How to read the data

General reading

All the data centers support the following three typical reading scheme.

  1. Get the data at a specific time

    To get the data at a specific time, you may use usually the irfpy.util.datacenter.BaseDataCenter.nearest() method, or similar.

    >>> import datetime
    >>> t0 = datetime.datetime(2017, 4, 1, 10, 10)
    >>> tobs, dat = dc.nearest(t0)
    

    The data center returns a tuple with two elements. First one is the time, and the second one is the data.

    Let’s see them.

    >>> print(tobs)
    2017-04-01 10:20:00
    

    The nearest data is observed at 10 minutes later.

    >>> print(dat)
    ['2017' '4' '1' '10' '20']
    

    The corresponding data is a five element numpy array.

  2. Get the data in a range of time

    To get the data at a time range, you may use the irfpy.util.datacenter.BaseDataCenter.get_array() method or similar.

    >>> t0 = datetime.datetime(2017, 3, 31)
    >>> t1 = datetime.datetime(2017, 4, 1)
    >>> tobs, dat = dc.get_array(t0, t1)
    

    In these methods, the returned value is a tuple with two elements. The first one is a list of the times sampled, and the second one is a list of data.

    >>> print(tobs)
    [datetime.datetime(2017, 3, 31, 0, 30),
     datetime.datetime(2017, 3, 31, 1, 5),
     ...,
     datetime.datetime(2017, 3, 31, 23, 15),
     datetime.datetime(2017, 3, 31, 23, 50)]
    
    >>> print(dat)
    [array(['2017', '3', '31', '0', '30'], dtype='<U4'),
     array(['2017', '3', '31', '1', '5'], dtype='<U4'),
     ...
     array(['2017', '3', '31', '23', '15'], dtype='<U4'),
     array(['2017', '3', '31', '23', '50'], dtype='<U4')]
    
  3. For-loop

    You can use for-loop (or iteration) to look through the data each by each.

    >>> t0 = datetime.datetime(2017, 3, 31)
    >>> t1 = datetime.datetime(2017, 4, 1)
    >>> for tobs, dat in dc.iter(t0, t1):
    ...     print(tobs, dat)
    2017-03-31 00:30:00 ['2017' '3' '31' '0' '30']
    2017-03-31 01:05:00 ['2017' '3' '31' '1' '5']
    ...
    2017-03-31 23:15:00 ['2017' '3' '31' '23' '15']
    2017-03-31 23:50:00 ['2017' '3' '31' '23' '50']
    

Note

Which should be used, 2. array or 3. for-loop (iteration)?

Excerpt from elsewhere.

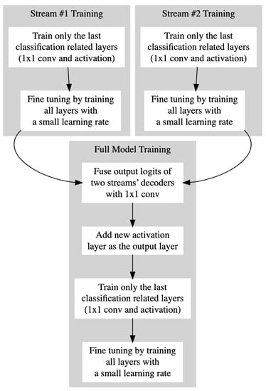 Many traditional CNN architectures such as FastFCN, Gated-SCNN, DeepLab, Mask R-CNN [,,,] focus on semantic segmentation of ordinary RGB images which have comprehensive daily life contents. Also, the traditional CNN architectures are not initially considered for multi-modal data such as multi-spectral orthorectified images, spectral indices, and three-dimensional digital terrain models in EO applications. Therefore, semantic segmentation of remote sensing data requires optimized architectures so as to extract geospatial objects precisely. When the noteworthy semantic segmentation algorithms [] having the potential to specialize in geospatial data are considered, DeepLabV3+ [] stands out as a state-of-the-art CNN which is able to obtain sharper object boundaries by adding a decoder module to DeepLabV3 []. Moreover, DeepLabV3+ is capable of maintaining the rich contextual information from the encoder part. Although the DeepLabV3+ model has achieved great success in semantic segmentation in recent years, there is still a need for multi-stream architectural approaches of the model that can leverage multi-modal geographic datasets. Besides customizing the architecture, the effect of different training approaches on semantic segmentation performance should also be scrutinized. One of the main problems considering geospatial data classification can be expressed as the lack of high-resolution remote sensing benchmark and uncertainty in the quality of the existing datasets such as shadow effects, orthophoto distortions, and ground truth errors. Another important point is that there is no standard for patch size and it has a significant effect on the results as mentioned in []. Furthermore, two issues stand out, especially in the handling of geospatial data. The first is the determination of the optimal fusion phase and the other one is the usage of scale-variant data. The approaches mentioned here should be considered to provide a balance between accuracy and computational load.

The 2. array approach is better in terms of

  • Intuitiveness

  • Interactiveness

  • Time series analysis

The 3. for-loop approach is better in terms of

  • Memory efficient for long time data

Thus, the 2. array approach may be used for developing the code using a short term period, and 3. for-loop approach may be used for a script for statistics.

Specific reading

Each data center can provide specific ways of reading or formatting the data. See each data center description.

For developer

Note

Changed in version v4.4.8: It is now not recommended to override the method irfpy.util.datacenter.BaseDataCenter.exact_starttime(). The method not only returns the exact start time, but also check validity of data file. If the data file is invalid, processing to disregard the file is conducted.

A sample implementation of a data center can be found irfpy.util.datacenter.SampleDataCenter.